*** Opening of Records shown ***

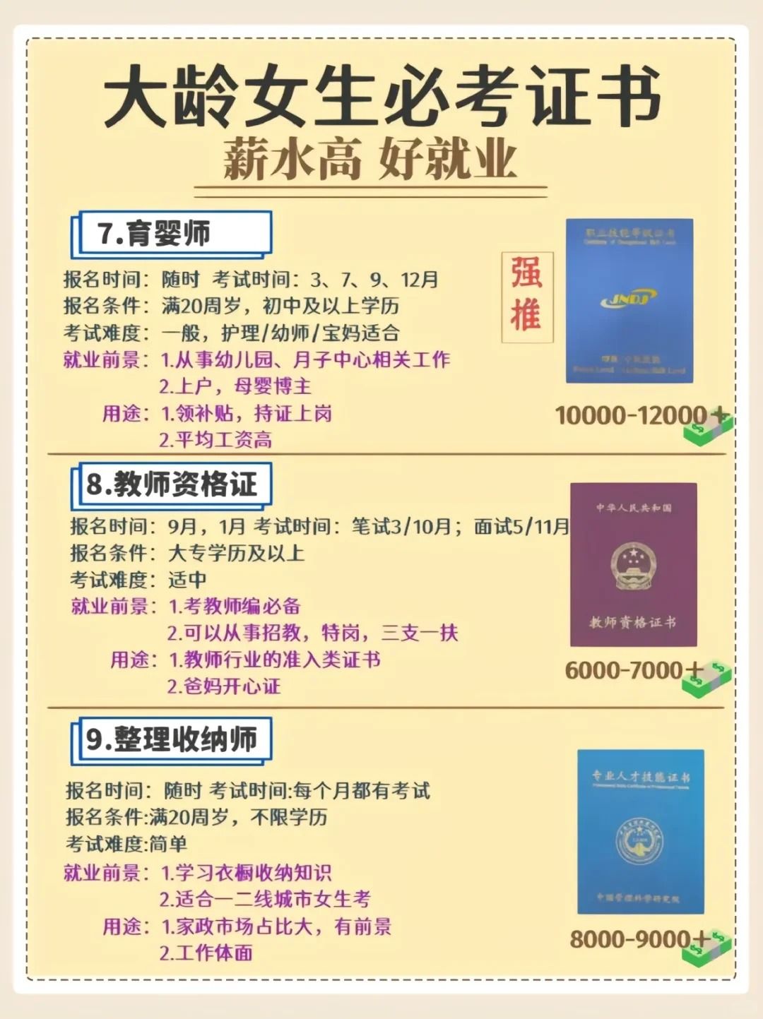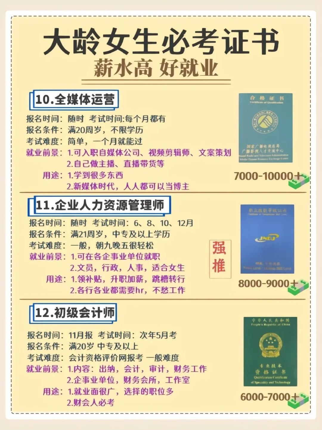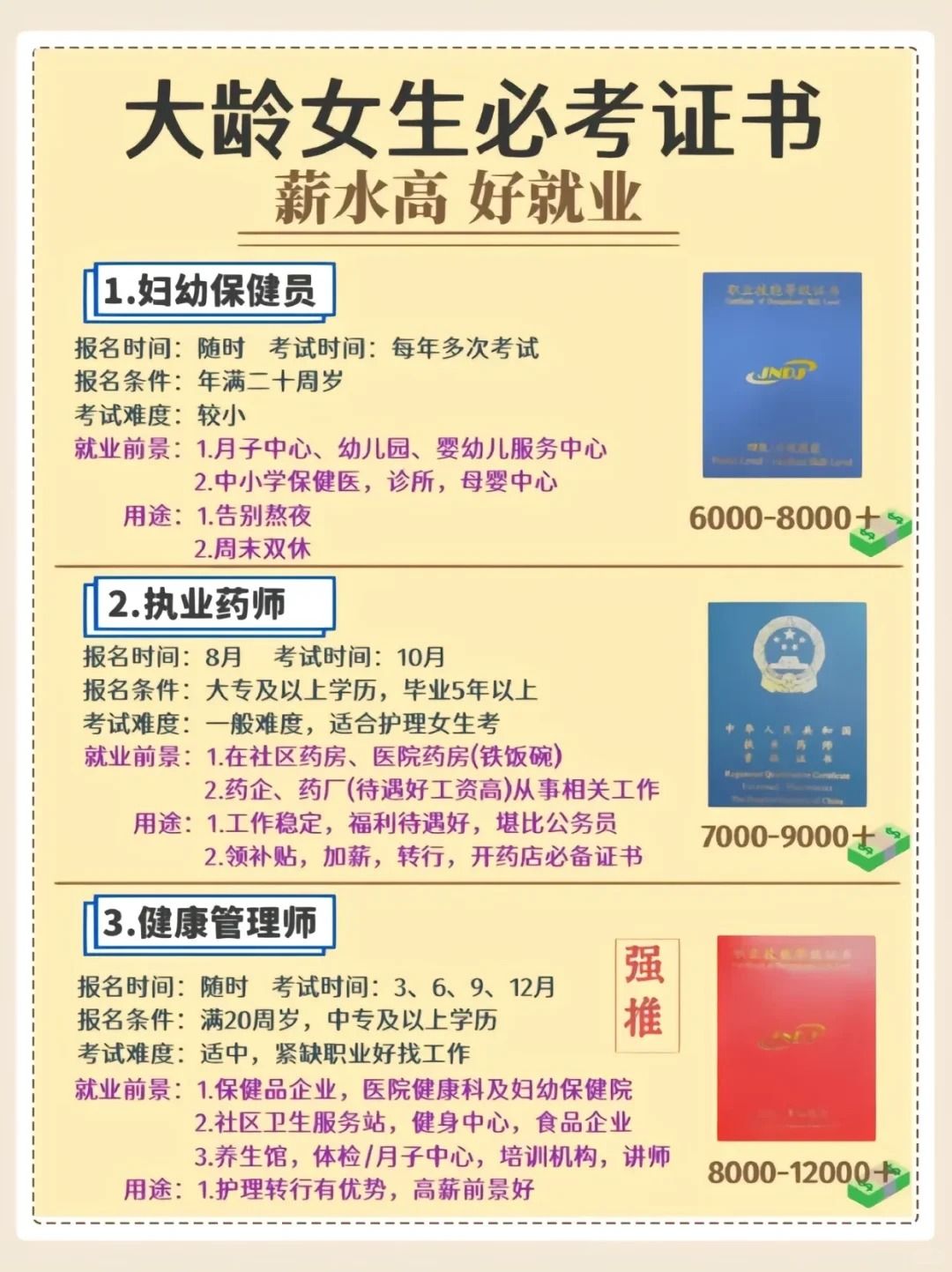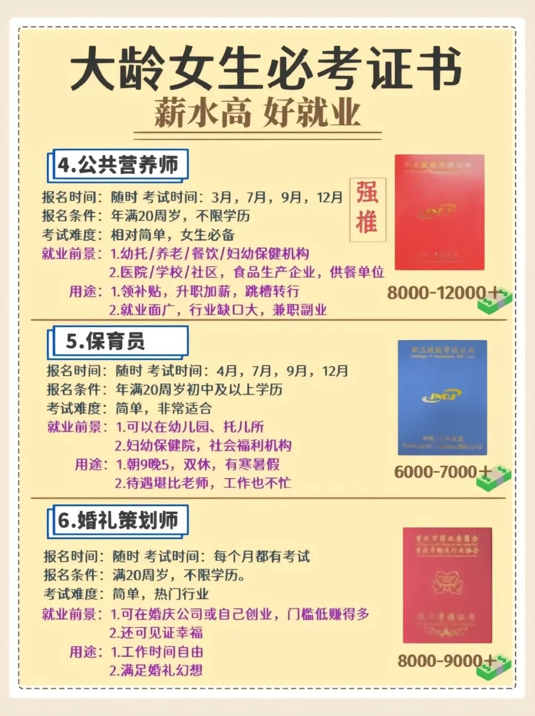 适合中年女性考的证书。即使到了中年也能实现自我的逆袭,不断提升自我!
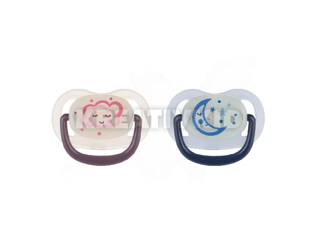 NIGHT DREAMS szilikon anatómiai (fogszabályzós) cumi, kiváló minőségű, szagtalan szilikonból készült. Anatómiai formájú szívórésszel rendelkezik. A szellőzőnyílásoknak köszönhetően a pajzs nem irritálja a baba érzékeny bőrét. A sötétben halványan világító korong megkönnyíti a cumi megtalálását éjszaka. BPA-mentes. Több színben elérhető.
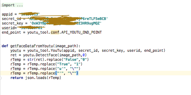 人脸识别的API各大平台都有提供,百度,阿里,优图(腾讯),Face++. 各家的API大体相似,主要区别只是取的点的个数和返回结果的数据结构,都可用。BAT的都有免费可用(如果对QPS没有过高要求的话),Face++ 需要收费1元/次(墙裂怀疑失了智)。综合比较之后选择使用优图。
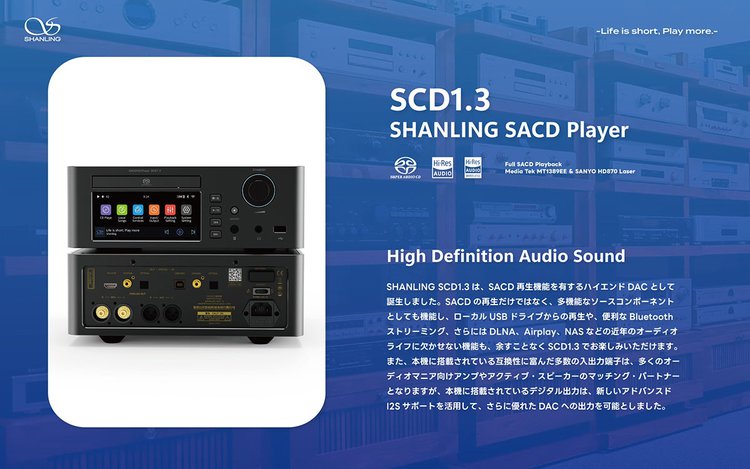 同ブースにて、SHANLINGブランドからは新作SACDプレーヤー「SCD1.3」を展示。MediaTek ME1389EEプレーヤーシステムと三洋電機製HD870ピックアップレーザーを搭載したトレイ型ドライブを採⽤、Hi-FiグレードなディスクメカニズムによってSACDのスムーズな読み込みとエラーフリーな再⽣を実現したという。
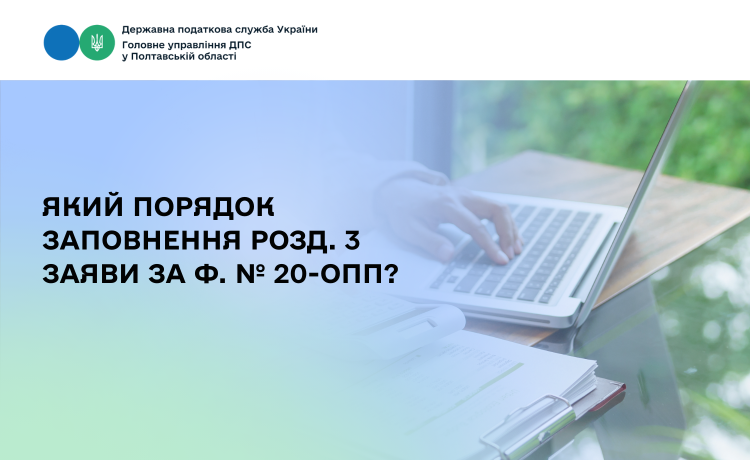 У Головному управлінні ДПС у Полтавській області повідомляють, що згідно з п. 8.1 розд. VIIІ Порядку обліку платників податків і зборів, затвердженого наказом Міністерства фінансів України від 09.12.2011 № 1588 із змінами і доповненнями (далі – Порядок № 1588), платник податків зобов’язаний повідомляти про всі об’єкти оподаткування і об’єкти, пов’язані з оподаткуванням, контролюючий орган за основним місцем обліку шляхом подання заяви про об’єкти оподаткування або об’єкти, пов’язані з оподаткуванням або через які провадиться діяльність за ф. № 20-ОПП (далі – Заява за ф. № 20-ОПП) (додаток 10 до Порядку № 1588) у порядку, встановленому розд. VIIІ Порядку № 1588.
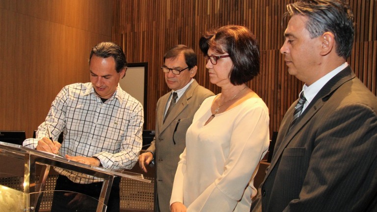 O “Projeto Educação, Trabalho e Justiça” promove audiências simuladas, palestras e visitas em escolas e nas unidades da Justiça do Trabalho de Mato Grosso do Sul. O acordo foi assinado nesta manhã pelo prefeito Marquinhos Trad, o presidente do TRT, João de Deus Gomes de Souza, e os titulares da Funsat, Cleiton Freitas Franco e da Semed, Ilza Mateus.
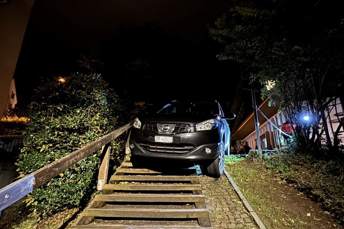 Am frühen Samstagmorgen (28.09.2024) kam ein Auto bei der Melonenstrasse vor einem Treppenabgang zum Stehen und verkeilte sich. Die Polizei sucht Zeugen.
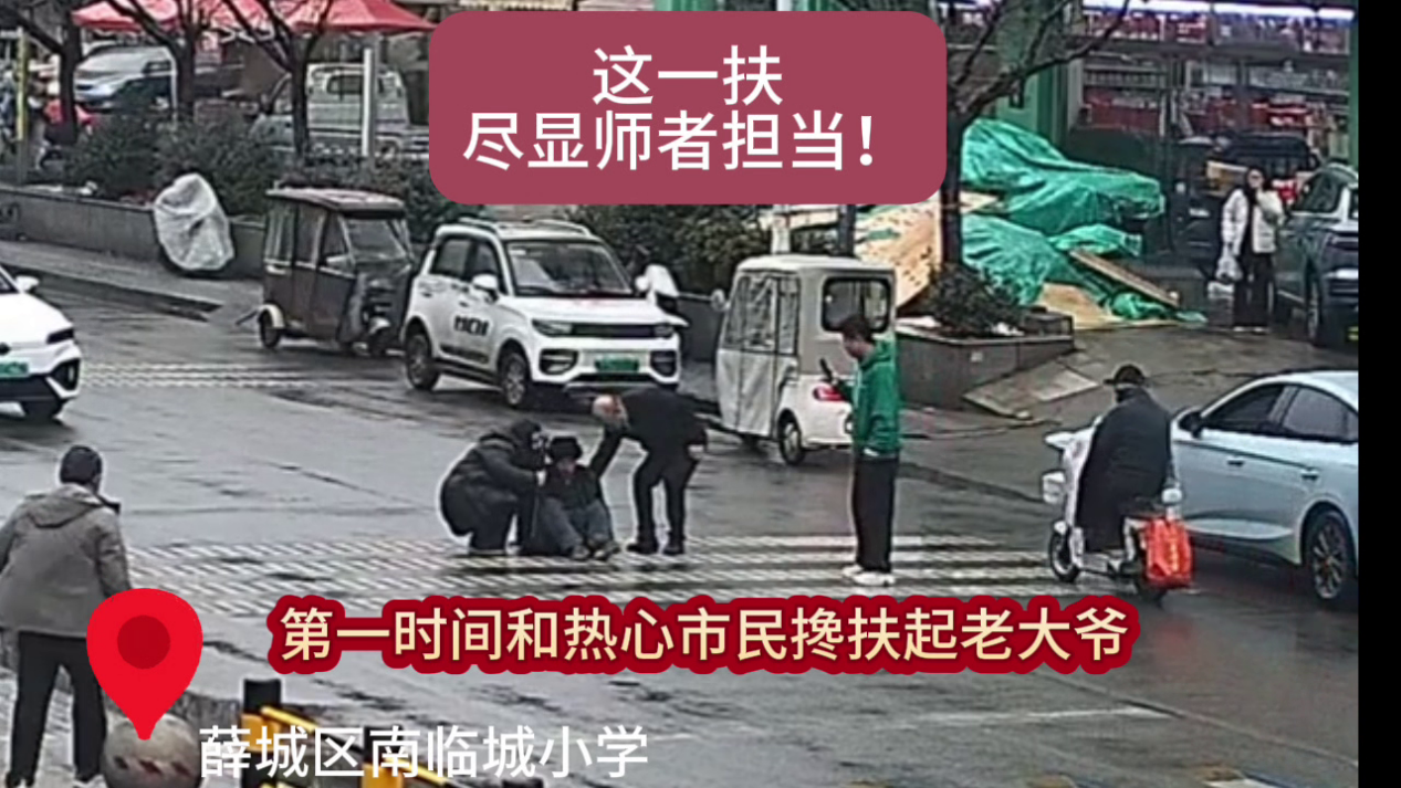 老人平安后连声道谢,过往行人得知是教师伸出援手,纷纷称赞不已。小小善举温暖街头,这一扶,尽显师者担当!

*** Close of Records shown ***

Your task is to print exactly the lines from the one containing "Am frühen Samstagmorgen" through the final line of the records above, with no pictures and nothing more.

Exercise response:
 Am frühen Samstagmorgen (28.09.2024) kam ein Auto bei der Melonenstrasse vor einem Treppenabgang zum Stehen und verkeilte sich. Die Polizei sucht Zeugen.
 老人平安后连声道谢,过往行人得知是教师伸出援手,纷纷称赞不已。小小善举温暖街头,这一扶,尽显师者担当!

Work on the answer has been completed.